Francis L. Sampson était un prêtre catholique officier de l’armée américaine qui s’illustra notamment lors du Débarquement quand il resta en arrière malgré la retraite des troupes pour soigner les blessés, tant alliés qu’Allemands. Fait prisonnier, il est sauvé de justesse de l’exécution par un officier allemand et libéré. Il part alors à la recherche de Fritz Niland un soldat dont les 3 autres frères ont été tué au combat la même semaine. Son but : le renvoyer dans sa famille avant qu’il ne soit trop tard.

Le plus : Cette histoire vous la connaissez, elle a inspiré Il faut sauver le soldat Ryan, rien que ça.

Crédits photo (Domaine Public) : U.S. Army

11. Virginia Hall

Elle fait partie des véritables héroïnes de la résistance ! D’origine américaine, cette résistante est devenue agent de renseignement pour le SOE. Pendant 15 mois, sous la couverture d’une journaliste du New York Post, elle est chef d’un réseau sous le nom de code « Germaine ». Elle collecte et transmet des renseignements et aide la résistance française. Elle fait plein de trucs : accueillir des agents de passage, transmettre des rapports à Londres émanant des chefs de la résistance française, coorganiser des évasions spectaculaires, dont celle de onze agents de la section F du camp de Mauzac le 16 juillet 1942.

Le plus : à la fin de la guerre, elle rejoint la CIA et devient l’une des premières femmes de l’organisation. La classe.

Crédits photo (Domaine Public) : CIA People

12. Hannie Schaft

Hannie Schaft est originaire d’Hollande, très jeune elle s’intéresse déjà à la politique et à la justice sociale. Elle souhaite devenir avocate des droits de l’Homme.
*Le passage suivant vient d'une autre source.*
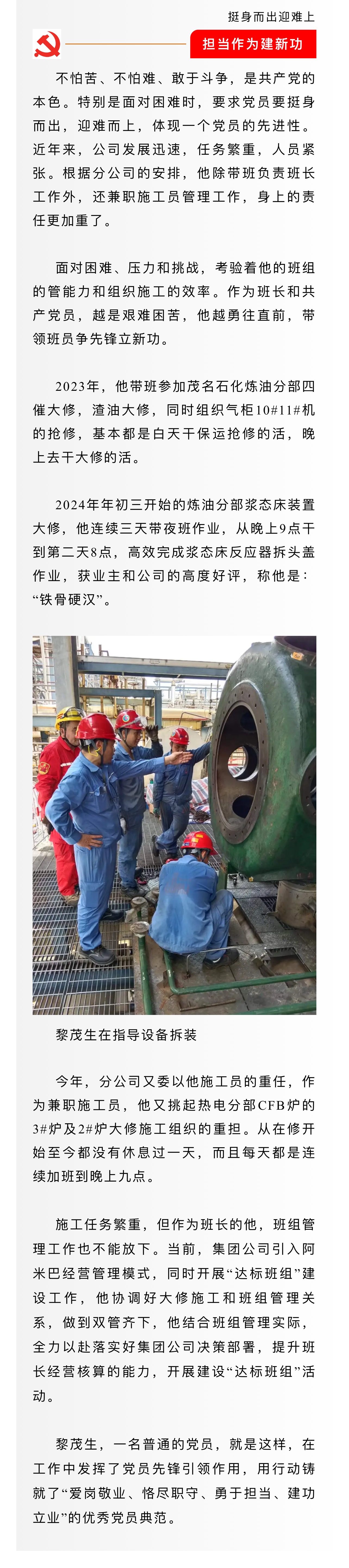 黨(dang)旗照耀我(wo)奮鬥——記集(ji)團公司優(you)秀共産黨(dang)員黎茂生(sheng)

Elle découvre les méfaits des nazis envers les juifs pendant ses études à l’Université d’Amsterdam où elle refuse de signer une déclaration d’allégeance aux autorités d’occupation (y en a qui ont du cran). Son travail dans la résistance commence doucement. Tout d’abord, elle vole des cartes d’identité pour les résidents juifs (dont ses amis). Mais plutôt qu’être messagère, elle préfère prendre les armes. Elle est responsable du sabotage et de l’assassinat de plusieurs cibles. Elle effectue de nombreuses attaques sur des allemands, des nazis néerlandais, des collaborateurs et des traîtres.

Le plus : elle a quand même refusé de kidnapper les enfants d’un officier allemand. Une justicière courageuse mais sage.